WORK TO COMPLETE: Excluding pictures, transcribe precisely the lines from the one containing "Create precise offers" to the final line of the listing below, inclusive, and nothing more.

DATASET EXCERPT:
[Start of Attachment]
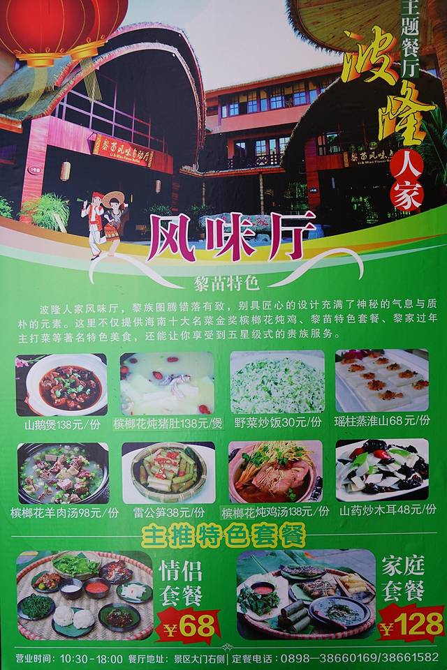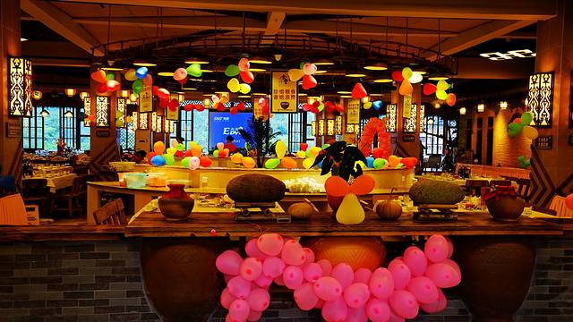 景区门口有家叫“波隆人家”的主题餐厅,这里推出的情侣套餐自助餐,两个人68元,虽然口味一般,但是量很足,就餐环境也不错。
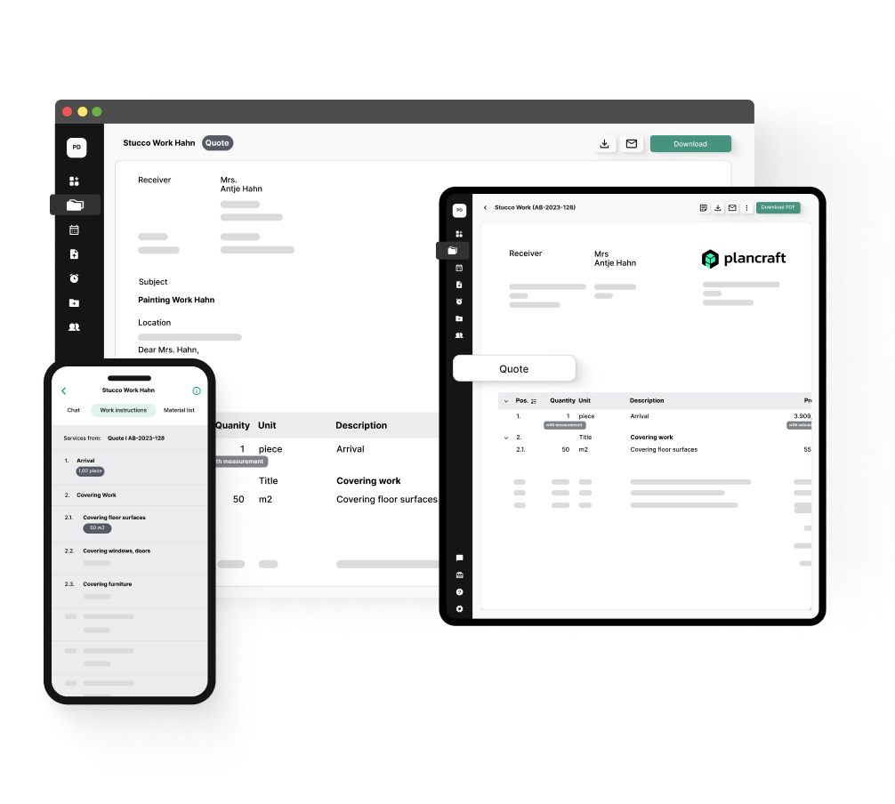 Create precise offers and invoices quickly and easily. With just a few clicks, you can generate documents and send them to the customer directly from plancraft.
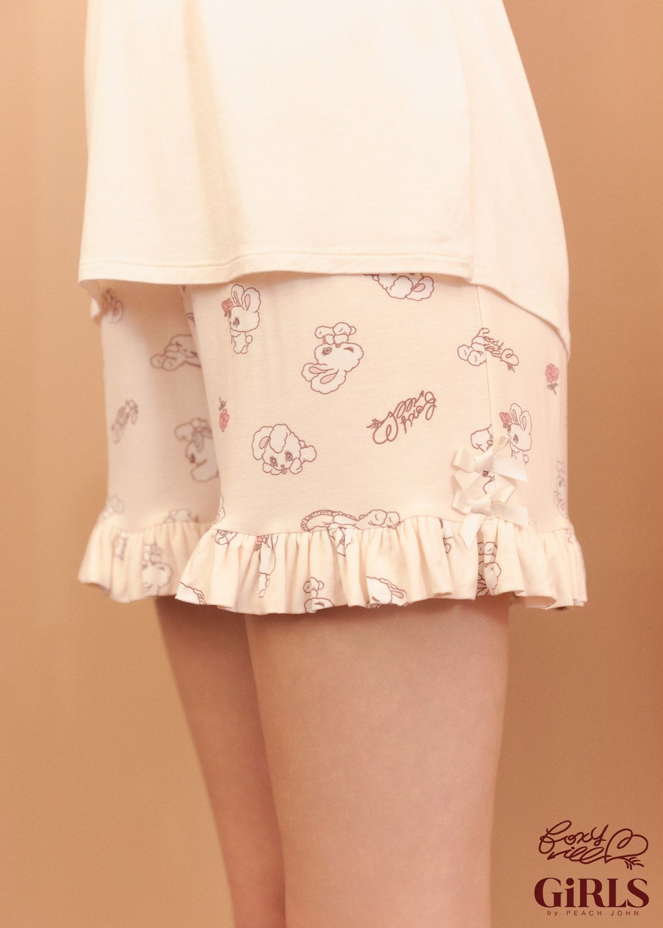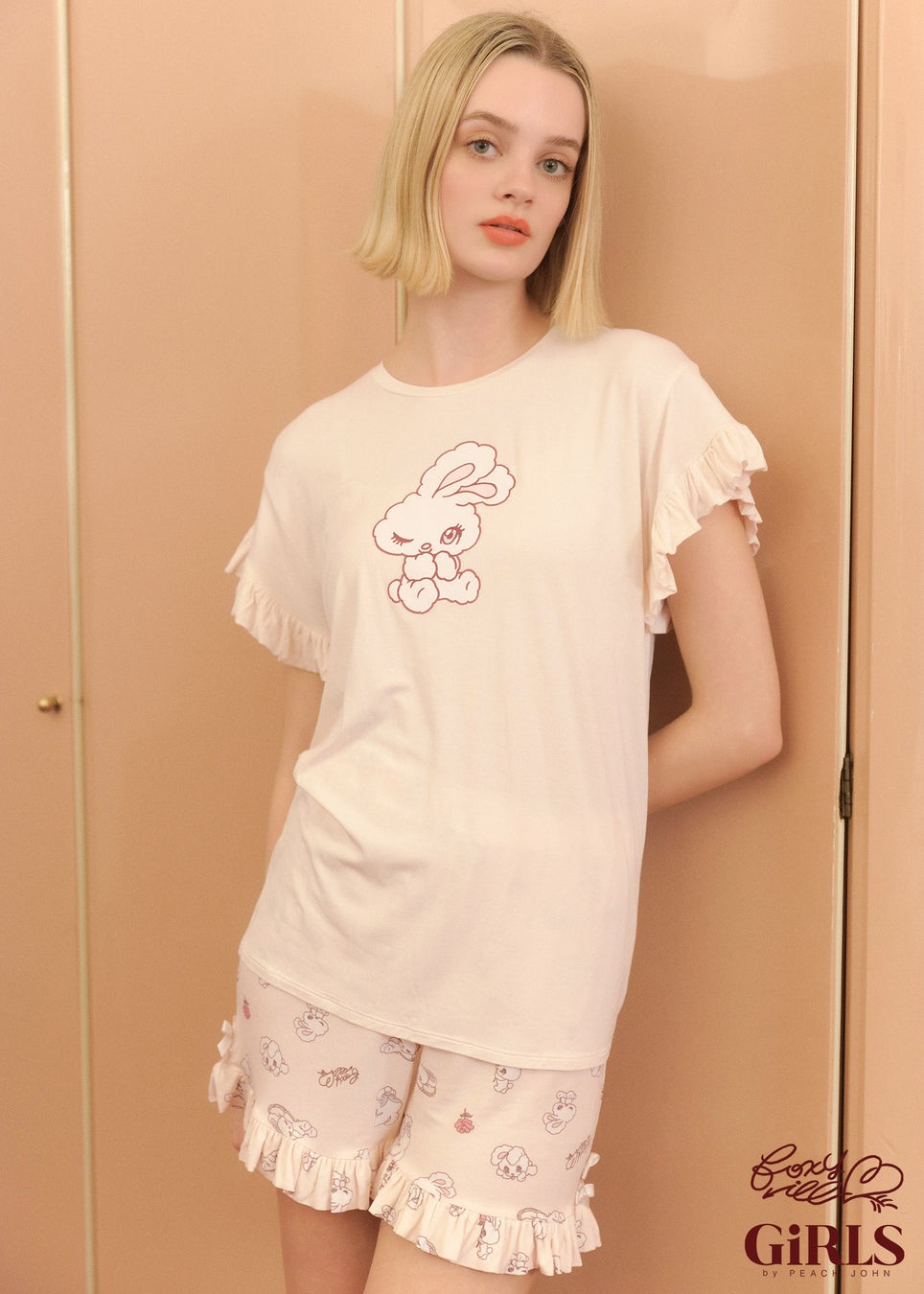 foxy illustrationsが描き下ろしたオリジナルのBunnyやGirlが大きくプリントされたフリルパジャマ。
[End of Attachment]
SOLUTION TO THIS TASK:
 Create precise offers and invoices quickly and easily. With just a few clicks, you can generate documents and send them to the customer directly from plancraft.
 foxy illustrationsが描き下ろしたオリジナルのBunnyやGirlが大きくプリントされたフリルパジャマ。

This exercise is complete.